Papst: Keine Ausnahmen für Bischöfe

Franziskus hat den Fall Wesolowski von Anfang an zur Chefsache gemacht. Es gebe keine Ausnahmen für Bischöfe, sagte er kurz nach Bekanntwerden der Vorwürfe, die im August 2013 zur Abberufung Wesolowskis aus der Dominikanischen Republik geführt hatten. Auf seine persönliche Anordnung hin wurde der frühere Botschafter im September 2014 unter Hausarrest im Vatikan gestellt. Dieser endete im Dezember des gleichen Jahres - mit Ablauf der zulässigen Höchstdauer. Der Untersuchungshaft entging er nur, weil seine Gesundheit angeschlagen war. Seither kann sich Wesolowski unter Auflagen innerhalb des Vatikan bewegen.

Der Papst informierte sich persönlich über den Stand der Ermittlungen. Den Generalstaatsanwalt aus der Dominikanischen Republik, der mit dem Fall Wesolowski befasst war, empfing er im Dezember 2014 zu einer Privataudienz im Vatikan. Er versicherte ihm nach Vatikanangaben, dass die Wahrheit stets Vorrang haben müsse.

Nach unbestätigten italienischen Medienberichten fanden die Ermittler auf dem Computer des ehemaligen Botschafters 86.000 kinderpornografische Fotos. Auf dem vatikaneigenen Rechner in der Apostolischen Nuntiatur in der Dominikanischen Republik seien zudem 130 Videos von Kindern in erotischen Posen nachgewiesen worden. Wesolowski soll laut den Berichten intensive Kontakte zur Kinderpornografie-Szene gehabt haben.

Prozess mit Signalwirkung

Der Prozess dürfte nach Einschätzung von Beobachtern Signalwirkung haben. Denn Kritiker halten dem Vatikan bis heute vor, Bischöfe aus Rücksicht auf ihr Amt im Kampf gegen Missbrauch nicht zur Rechenschaft zu ziehen.

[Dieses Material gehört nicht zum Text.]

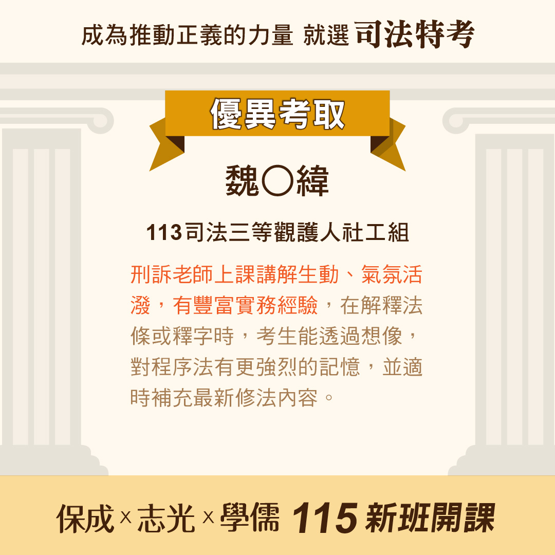 (5)憑【114司法/調查局/海巡特考-一試成績單】報名正規全套課程,再折3000元 | ||

Der letzte spektakuläre Prozess, der im Gerichtssaal an der Piazza Santa Marta hinter dem Petersdom stattfand, war das Verfahren gegen den Kammerdiener von Benedikt XVI., Paolo Gabriele. Das war im Oktober 2012. Gabriele wurde in der "Vatileaks-Affäre" Diebstahl vertraulicher Akten vom Schreibtisch des Papstes vorgeworfen. Das Verfahren werteten viele Beobachter als Farce. Auch am Samstag dürfen wieder acht Journalisten den Prozess im Gerichtssaal verfolgen. Diesmal dürfte der Vatikan alles dafür tun, dass dieser Eindruck nicht entsteht.